O corredor privado pode somar 350 km conectando as regiões da Nhecolândia e da Bodoquena, passando por áreas como o delta do rio Salobra e terra indigena Kadiwéu até a fronteira com o Paraguai. Na rota está o Parque Nacional da Serra da Bodoquena, que em 2019 quase perdeu 80% da área por atrasos na regularização fundiária.
“Esse imenso corredor se desdobra pela região histórica do Itatim, que cobria praticamente toda a metade oeste do Mato Grosso do Sul e cujo nome remete à época dos jesuítas e dos bandeirantes”, recorda Walfrido Tomas, da Embrapa Pantanal. Esses grupos estiveram no Pantanal em parte dos séculos XVI e XVII.
Desafios supranacionais
Distribuída por 622 mil km² – similares à metade do território do Pará –, a Bacia do Alto rio Paraguai abriga populações humanas, animais e plantas do Pantanal, Cerrado, Floresta Chiquitana, Mata Atlântica, Amazônia e Chaco. No Paraguai, esse último enfrenta as maiores taxas globais de desmatamento.
Ao mesmo tempo, a grande planície alagável pantaneira ainda tem 80% de sua vegetação nativa preservada no Brasil. Puro contraste com regiões elevadas ao seu redor, onde lavouras e pastagens catapultaram o desmatamento e dão cabo de nascentes e cursos d’água.
“Apesar deste cenário, não existem mecanismos transnacionais que regulamentem ou orientem a abertura de novas áreas para uso agrícola e pecuário [na Bacia do Alto rio Paraguai ]”, destaca o estudo sobre corredores capitaneado pela Embrapa Pantanal.

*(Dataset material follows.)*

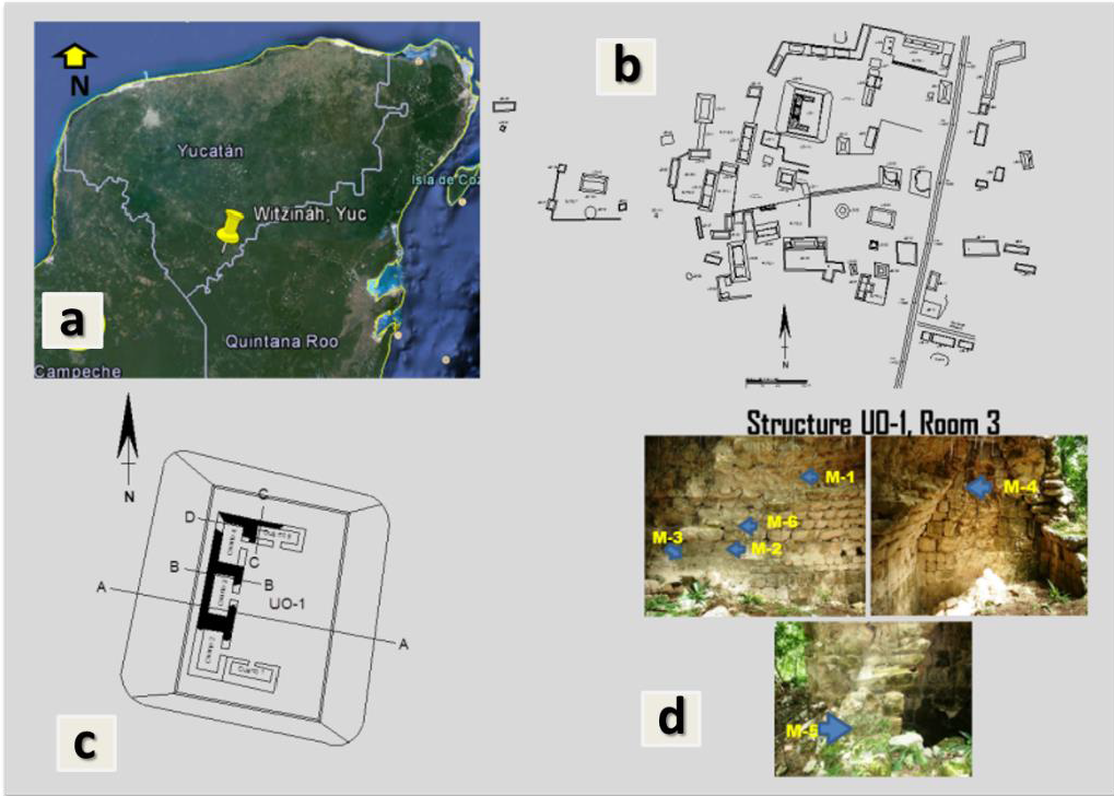 Witzinah, dated 800 A.C., is located in Peto county in south Yucatan State in Mexico also known as “South Cone” (Cono Sur) approximately 164 Km from Merida Capital City. Witzinah presents a total of 50 Prehispanic structures distributed in a surface of 77,243 m2 and it is formed by edifications generally oriented at 10º NE, meanwhile the rest exhibit small variations (349º NW). Main structure (UO-1) is a pyramidal basement in a 14 m high slope, its architectural plant is 35 m by side and above there is a “C” shape structure that was constituted by five rooms with overhang covers, three in the main part of the building and one in each lateral side. Figure 1 exhibits Witzinah archeological site and location of evaluated stuccos.

Proteger mais o bioma depende também do detalhamento de normas federais. Desde 2012, quando foi publicada a Lei de Proteção da Vegetação Nativa, não foi regrado o “uso restrito” do Pantanal. A lacuna permite a sobreexploração de recursos naturais e a edição de regras estaduais que driblam a formação de corredores e encolhem áreas protegidas.
Questões como essas podem ganhar maior foco a partir de janeiro, quando o novo governo promete recuperar inúmeras agendas e políticas socioambientais que foram estranguladas na administração do país pela extrema-direita, desde 2019.
“Em meio a tantas coisas acontecendo [no campo político], os corredores são um caminho para associar e implantar simultaneamente várias ações relacionadas à conservação do Pantanal”, defende Cyntia Santos, do WWF-Brasil.